* [Dataset section]:
════════════════════

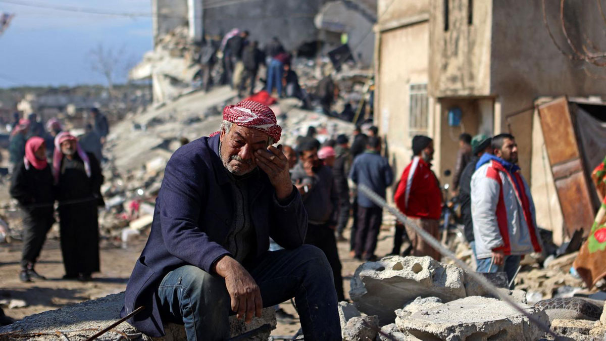 সিরিয়ার জিন্দারিস শহরে ভূমিকম্পের আঘাতে ধসে পড়া ভবনের সামনে বসে কাঁদছেন এক বৃদ্ধ -এএফপি
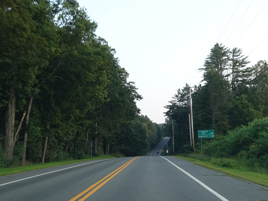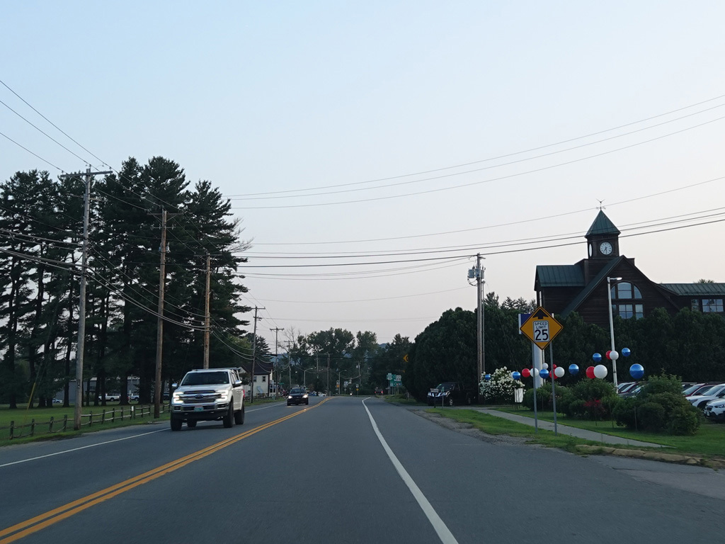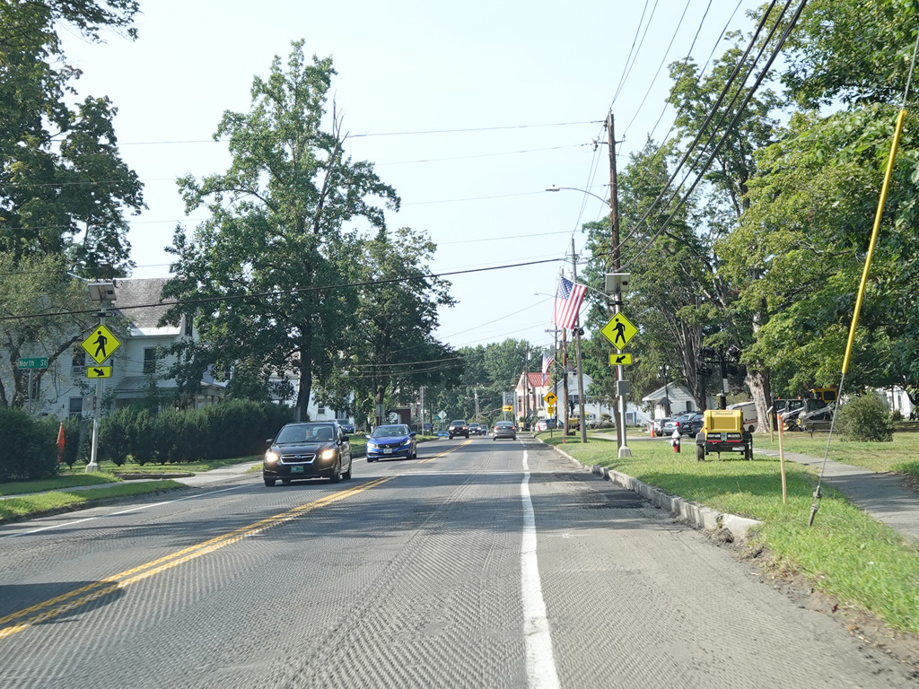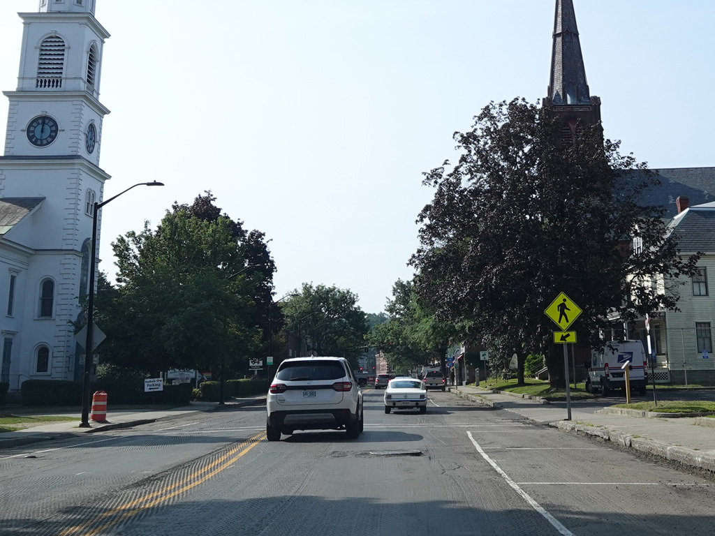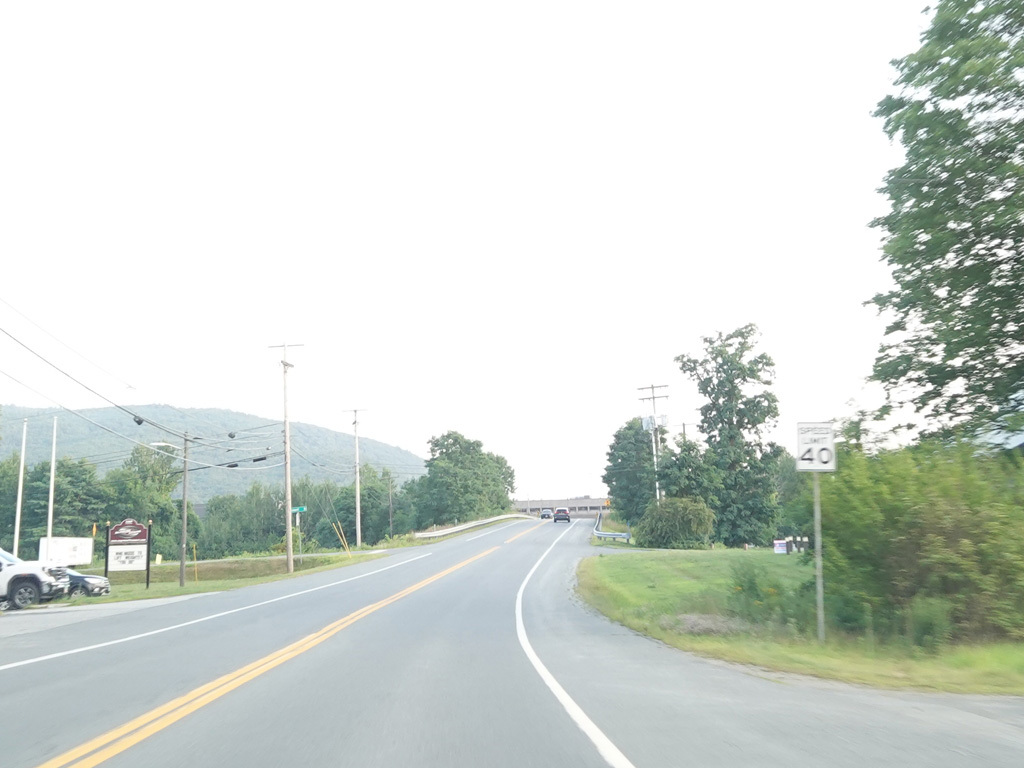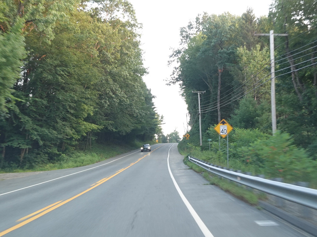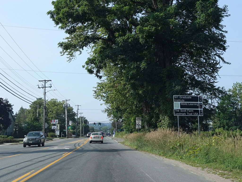 Coming into Putney, Bellows Falls Road changes names to become Main Street. The speed limit drops to 40 MPH and then to 30 MPH.
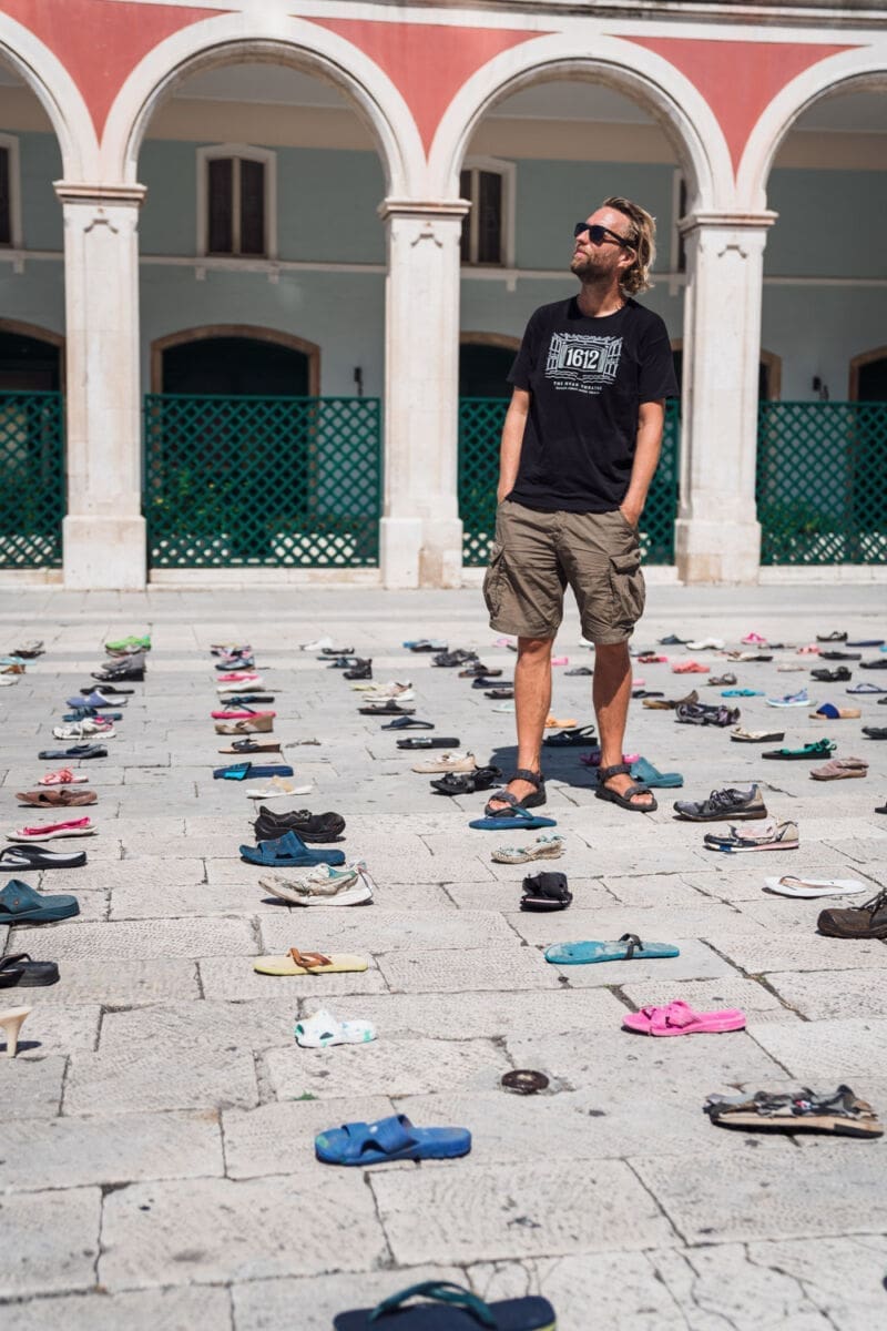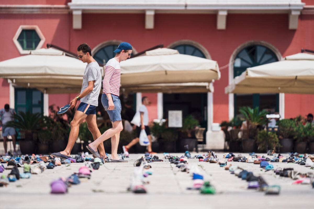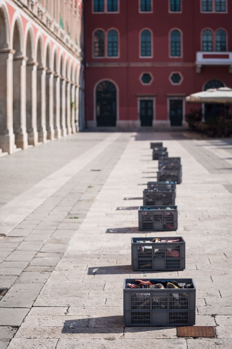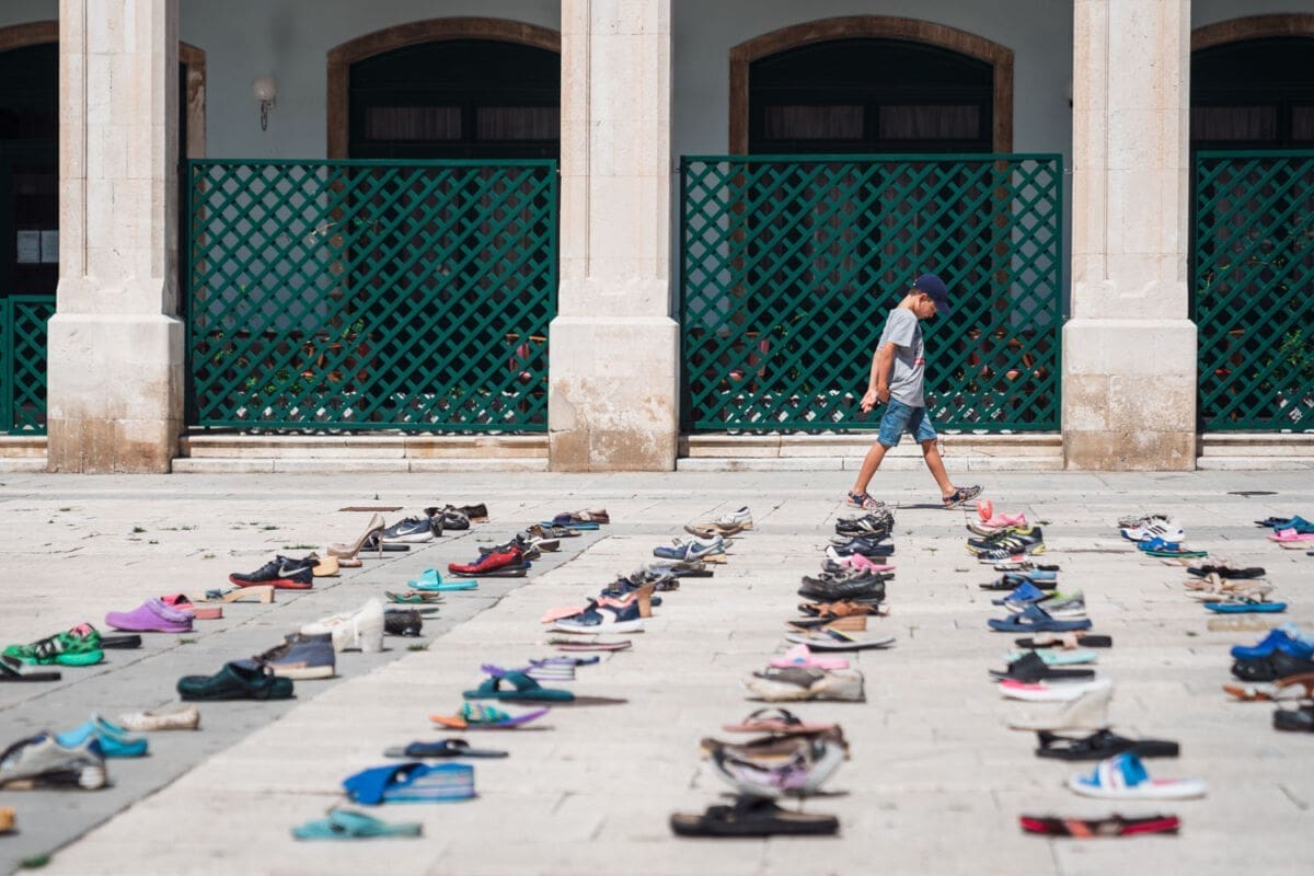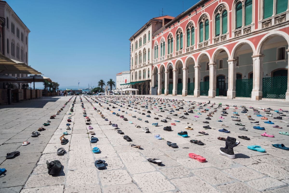 Od 9 sati ujutro na splitskim Prokurativama tisuću cipela pričat će svoje priče slučajnim i namjernim prolaznicima. Njihova raznolikost je zapanjujuća – ima tu sportskih tenisica, zimskih čizama, štikli, plastičnih sandala i dječjih kroksi, svih mogućih oblika, boja, materijala i veličina, zaista – ponešto za svakoga. Navodno je Ernest Hemingway autor slavne „priče od 6 riječi“ koja glasi „Nekorišten par dječjih cipela na prodaju.“ A sad zamislite količinu priča iz njih tisuću.

════════════════════

* [What is being asked]: Leave the pictures out and print the whole listing precisely.

* [Result of this task]:
 সিরিয়ার জিন্দারিস শহরে ভূমিকম্পের আঘাতে ধসে পড়া ভবনের সামনে বসে কাঁদছেন এক বৃদ্ধ -এএফপি
 Coming into Putney, Bellows Falls Road changes names to become Main Street. The speed limit drops to 40 MPH and then to 30 MPH.
 Od 9 sati ujutro na splitskim Prokurativama tisuću cipela pričat će svoje priče slučajnim i namjernim prolaznicima. Njihova raznolikost je zapanjujuća – ima tu sportskih tenisica, zimskih čizama, štikli, plastičnih sandala i dječjih kroksi, svih mogućih oblika, boja, materijala i veličina, zaista – ponešto za svakoga. Navodno je Ernest Hemingway autor slavne „priče od 6 riječi“ koja glasi „Nekorišten par dječjih cipela na prodaju.“ A sad zamislite količinu priča iz njih tisuću.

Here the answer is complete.